Mehmet Naci Inci, the newly appointed acting rector at Bogazici University in Istanbul, on July 16 dismissed outspoken academic Can Candan after, on the same day, declining to approve autumn semester classes that were to be taught by dissident academic Feyzi Ercin, bianet reported.
The Erdogan regime felt predecessor rector Melih Bulu failed to carry out desired steps, an Erdoganist columnist wrote on July 16, citing unnamed sources.
Also on July 16, Inci sent an email to the academics at the university from the “Rectorate” account, announcing that he was officially a candidate for the permanent rectorship.
On July 15, Erdogan removed Bulu by presidential decree.
Bulu’s appointment as rector by presidential decree on January 1 sparked protests by students and academics that ran throughout his tenure.
"Terrorists" accusation
Turkish President Recep Tayyip Erdogan compared the student protesters with “terrorists” after uproar broke out over his appointment of Bulu. The demonstrators said the method of appointment was undemocratic and against the traditions of the university. Supporters of LGBTQ rights linked up with the movement with controversial protest materials that some critics said offended Islam. That prompted the interior minister, Suleyman Soylu, to refer to the demonstrators as “LGBT deviants”.

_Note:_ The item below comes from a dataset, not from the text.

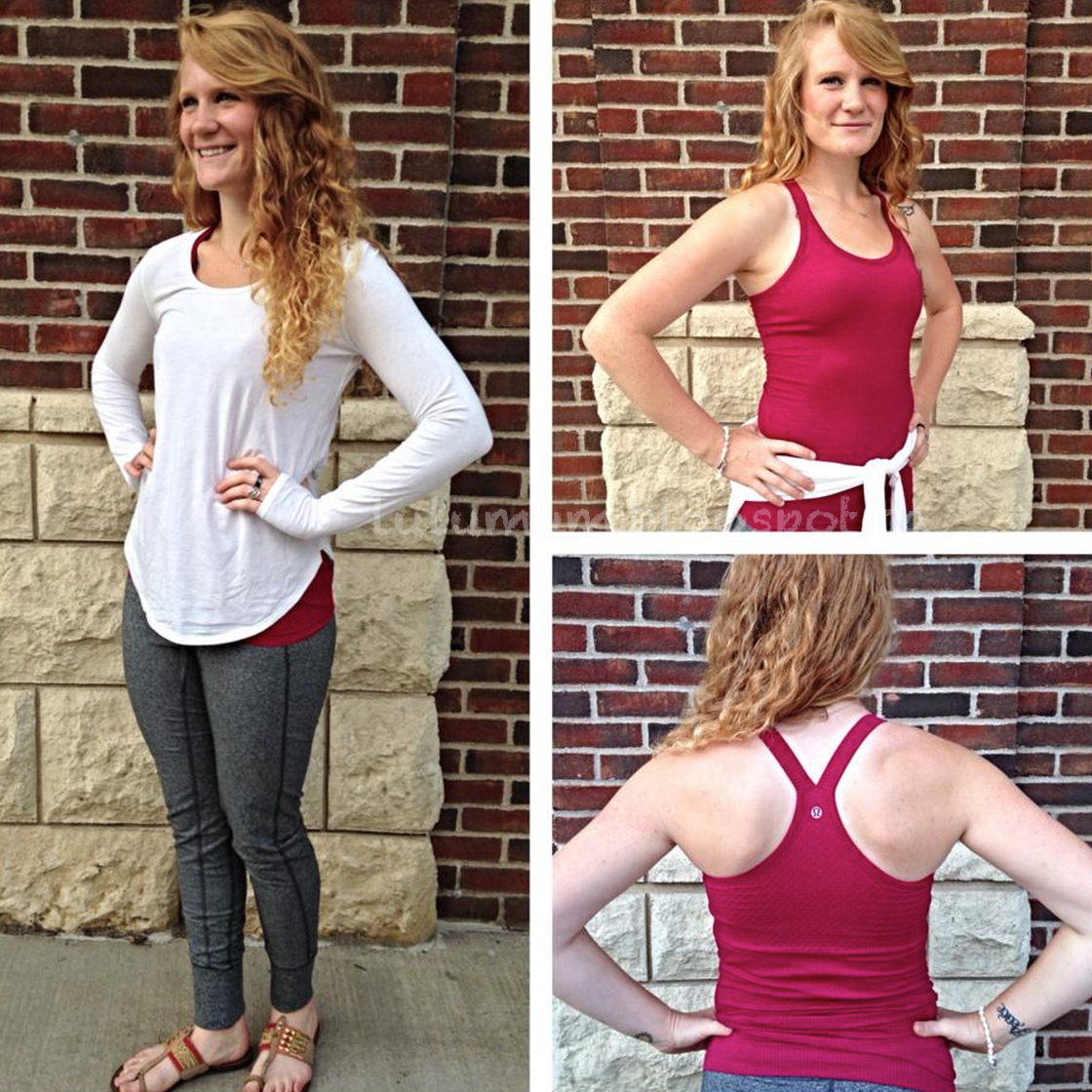 A new cranberry red! This may be Bumble Berry (a new The Mat is out in Bumble Berry) but I also think it could be Cranberry (as I’ve been mentioning is coming for the past few weeks). Cranberry has long been rumoured to be an upcoming color. Sometimes they use a similar color for the mats or bottles that are a close match to the apparel colors and not the exact same color since color can vary from material to material. The pants she’s wearing are interesting too.

Bulu applied to be a candidate for Erdogan’s Justice and Development Party (AKP) in the 2015 parliamentary election. He was the first Bogazici rector chosen from outside a university since a military coup in Turkey in 1980, according to Bogazici faculty members.

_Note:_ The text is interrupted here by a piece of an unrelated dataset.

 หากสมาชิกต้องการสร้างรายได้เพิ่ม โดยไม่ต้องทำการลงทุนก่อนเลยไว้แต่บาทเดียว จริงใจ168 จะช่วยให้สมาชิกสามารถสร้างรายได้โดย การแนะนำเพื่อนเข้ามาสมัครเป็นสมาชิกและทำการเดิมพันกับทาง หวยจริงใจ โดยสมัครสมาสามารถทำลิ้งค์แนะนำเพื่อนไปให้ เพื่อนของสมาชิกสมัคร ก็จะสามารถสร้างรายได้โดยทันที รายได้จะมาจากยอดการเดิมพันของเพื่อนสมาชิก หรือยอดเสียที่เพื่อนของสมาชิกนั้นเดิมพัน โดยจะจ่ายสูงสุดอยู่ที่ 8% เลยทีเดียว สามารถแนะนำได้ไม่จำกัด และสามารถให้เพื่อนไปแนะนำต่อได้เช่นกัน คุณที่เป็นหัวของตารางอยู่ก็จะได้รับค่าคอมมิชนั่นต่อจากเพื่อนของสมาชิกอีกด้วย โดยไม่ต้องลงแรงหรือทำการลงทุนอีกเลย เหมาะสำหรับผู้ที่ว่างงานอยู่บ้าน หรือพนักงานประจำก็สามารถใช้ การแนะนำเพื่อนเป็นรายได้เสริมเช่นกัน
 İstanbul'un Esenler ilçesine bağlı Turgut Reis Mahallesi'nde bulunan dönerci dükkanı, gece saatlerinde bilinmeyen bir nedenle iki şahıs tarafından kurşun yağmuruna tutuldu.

It was a decree issued during the state of emergency imposed following the failed coup attempt against Erdogan in July 2016 that granted the president the authority to appoint university rectors.
Erdogan still retains emergency regime powers granted after the attempted putsch was foiled. Turkey’s parliament is set to vote on an omnibus bill that includes measures to extend those powers by three more years.
The powers include the right to dismiss public servants on suspicions of links to terror organisations and the power to hold terror-linked suspects in police custody for up to 12 days without charges.
“The draft bill does not provide any justification for this prolongation,” Ali Yildiz, a human rights lawyer based in Brussels, told Al-Monitor last week. “It is exactly the same provisions which were already extended in 2018." If passed, he said, they "will be in force until July 2024.”
He added, “I don't think the AKP government will ever abandon these powers.”